Ziegmaliges Deinstallieren der Ports hilft nichts.
Neue Treiber draufspielen auch nicht.
Habe USB dann im BIOS auf disable gestellt und erneut die USB Anschlüsse im "Abgesicherten Modus" deinstalliert und neu installiert.
Half alles nichts.
Auch die Einstellungen unter:
Start - Ausführen - regedit - HKEY_LOCAL_MACHINE - SYSTEM - CurrentControlSet - Control - UsbFlags - GlobalDisableSerNumGen  von 01 auf 00 hat nichts geholfen.

Ich weiss nicht mehr weiter. Da natürlich keine Garantie mehr besteht bleibt mir keine andere Möglichkeit, als die Notlösung eins Adapters.
Der Laptop hat folende Anschlüsse:
1 x PCMCIA
1 x Seriell
1 x IEEE 1394 (Firewire)

Ich habe mal entsprechend recherchiert. Was würdet ihr mir empfehlen. Gibt es überhaupt eine andere Möglichkeit als ein PCMCIA USB Adapter. Viele bei Ebay angebotene Artikel brauchen fast allesamt eine zusätzliche Stromversorgung über USB (die ich natürlich nicht habe)!

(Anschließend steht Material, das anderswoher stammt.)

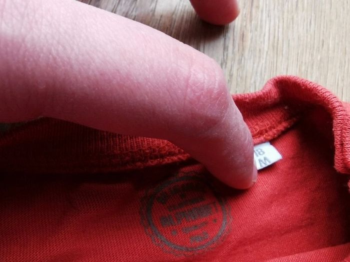 Très bon état. Marque qui tient bien aux lavages. Rouge avec un raton laveur et une inscription grise.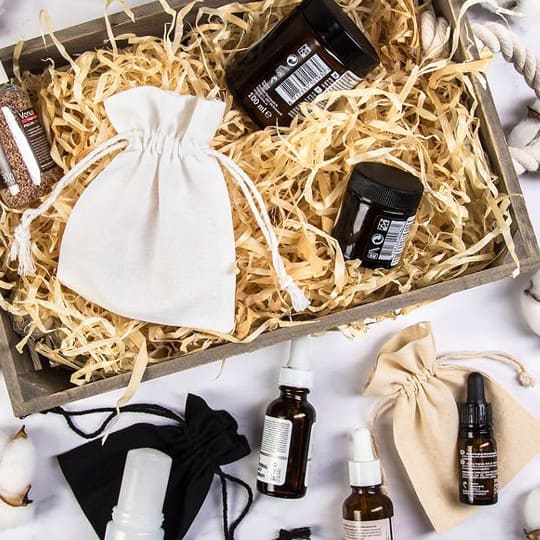 - Jute en linnen: rustiek en natuurlijk - ideaal voor lokale producten, thee, honing of hotelcadeaus.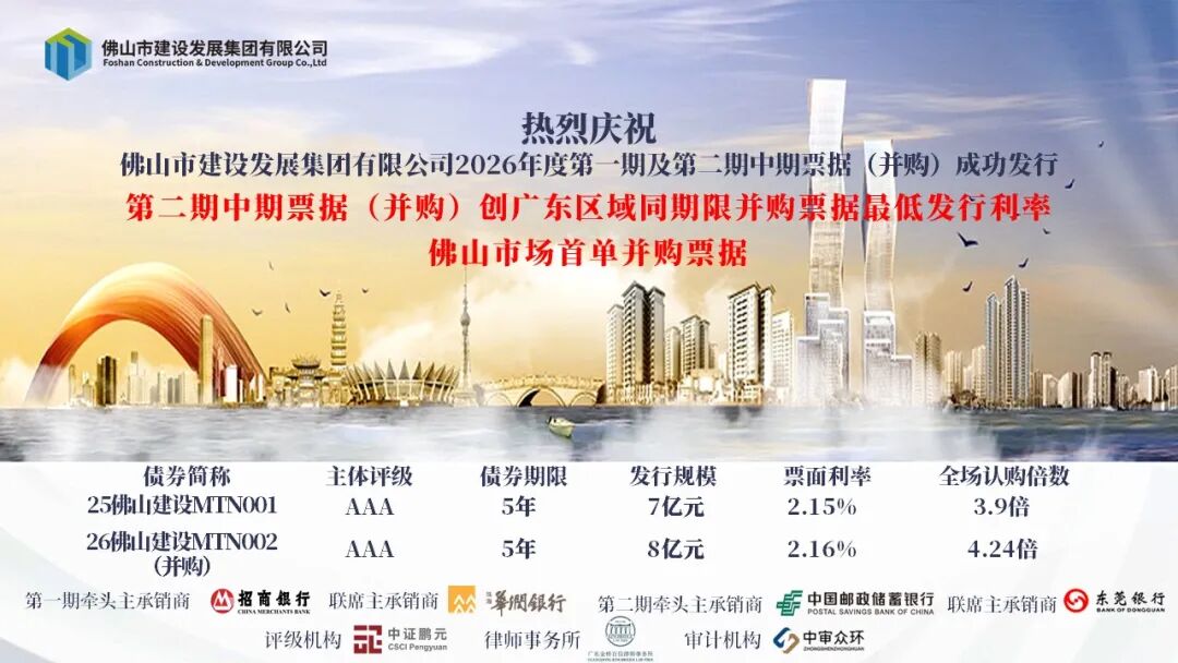 近日,佛山建发集团再添资本市场创新成果!佛山建发集团成功发行2026年度第二期中期票据(并购),发行规模8亿元,期限5年,票面利率2.16%,全场认购倍数高达4.24倍。本期债券为佛山市首单并购票据,更创下广东区域同期限并购票据利率最低纪录,彰显了市场对集团综合实力与发展前景的高度认可。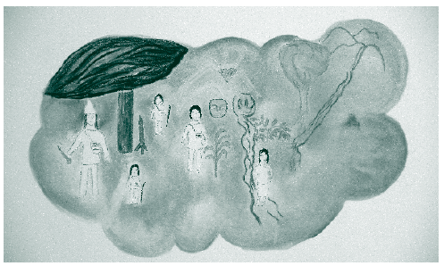 El dibujo y audio de Roberto Nakogui es un buen representante de toda esta concepción (imagen 6a). Nos entrega una visión de la comunidad en la que todo interexiste. Agua, tierra, árboles, animales construyen un gran tejido relacional amparado por una concepción del territorio distanciada de lo meramente físico. El territorio es algo vivo y definido por la interacción armónica de todas esas entidades, naturalmente la sacralidad es parte de esas resonancias y no una esfera aparte. En esa dirección se encamina también El árbol de la vida, de Abel Rodríguez (imagen 6b). El árbol se asume en su riqueza metafórica para hablar del lujo incesante de vida que circula desde la tierra hasta los cielos. Mediante bellos dibujos advertimos una cosmogonía que visibiliza las correspondencias y armonías establecidas entre el mundo natural y los seres humanos.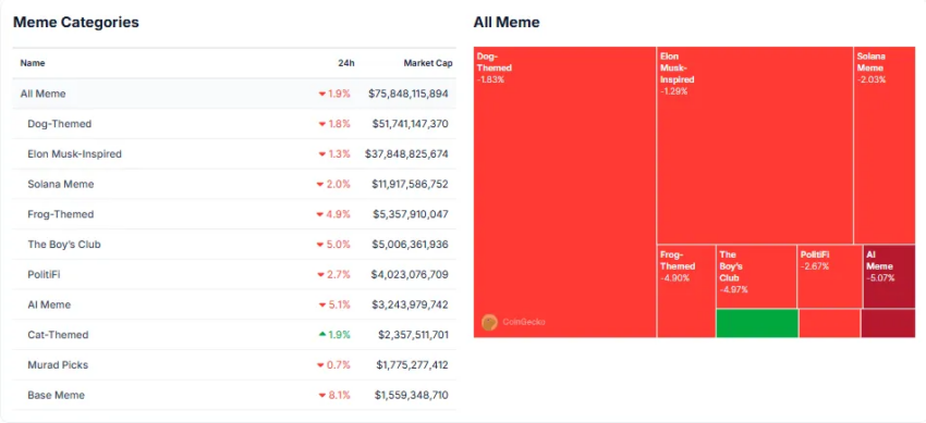 En medio del cambio de enfoque de los inversores, la capitalización de mercado de memecoins está disminuyendo, con la atención desplazándose hacia proyectos con valor técnico. Anteriormente, el fervor especulativo alrededor de las memecoins impulsaba rallies a corto plazo. Ahora, su falta de innovación fundamental ha resultado en una disminución de la confianza de los inversores.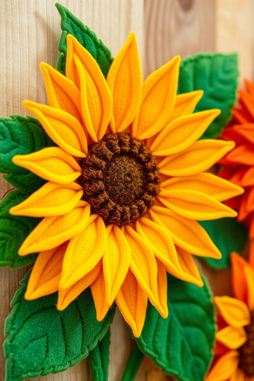 One year, I made a cluster of three in different sizes and hung them in my kitchen, and they made the whole space brighter. To be fair, felt sunflowers never wilt, which is a win in my book. Sometimes I even add a few felt leaves for extra detail. It’s one of those projects that looks impressive on the wall but is surprisingly simple to make. Every time I pass by mine, I get that happy autumn vibe.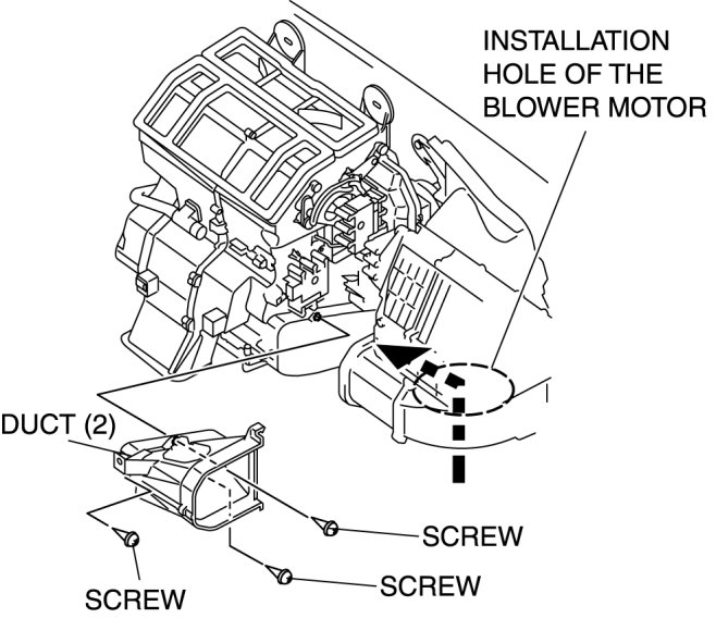 14. Install the duct (2) to the A/C unit by inserting a phillips screwdriver, with the screw, into the hole made after removing the blower motor.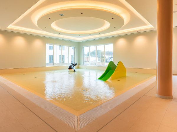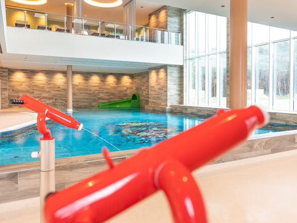 Der Wellness- und Freizeitbereich des Resorts bietet eine Oase der Entspannung und Aktivität. Hier können Gäste im großen Innenpool mit einer 84 Meter langen Außenrutsche planschen, in verschiedenen Saunen entspannen und im Spa-Bereich wohltuende Behandlungen genießen. Es gibt auch spezielle Einrichtungen für Kinder, wie ein Kinderbecken und eine Kindersauna.
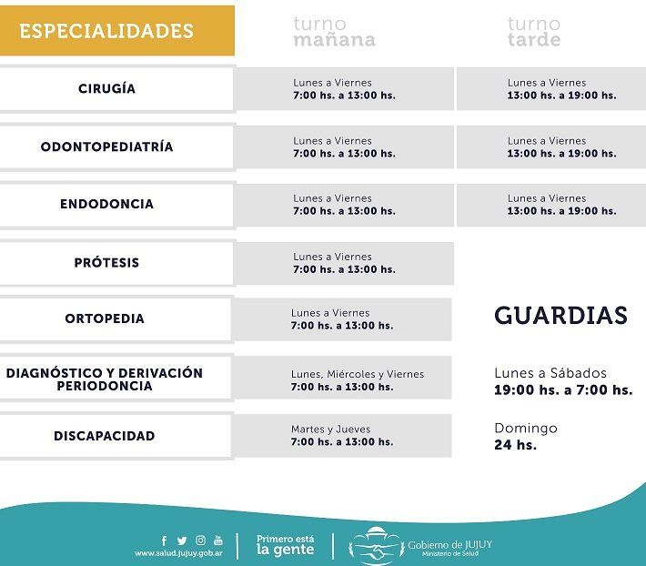 A la vez se incorpora por primera vez en la provincia el servicio de guardias odontológicas nocturnas, significando 24 horas de atención. De esta manera el plantel de profesionales garantizará al menos un especialista y un asistente en cada una de las áreas de atención.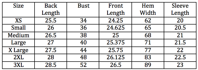 - Size Chart

Ich möchte lediglich ab und zu mal 2 USB Controller (Gamepads), einen USB Stick oder eine Externe Festplatte anschließen.

Könnt ihr mir einen Tipp geben? Evtl. sogar links zu Shops? Vielleicht gibt es ja sogar noch eine weitere Möglichkeit die eigentlichen USB-Ports zu reaktivieren 

Da der Laptop ist wohl eine gewissen Trockenheit ausgesetzt gewesen. Deswegen schließe ich einen Defekt auf Grund einer stat. Aufladung als möglich. Will aber alles, bis auf eine teure Reparatur - die sich eh nicht lohnt - versucht wissen.

Mit freundlichen Grüßen
Stephan


----------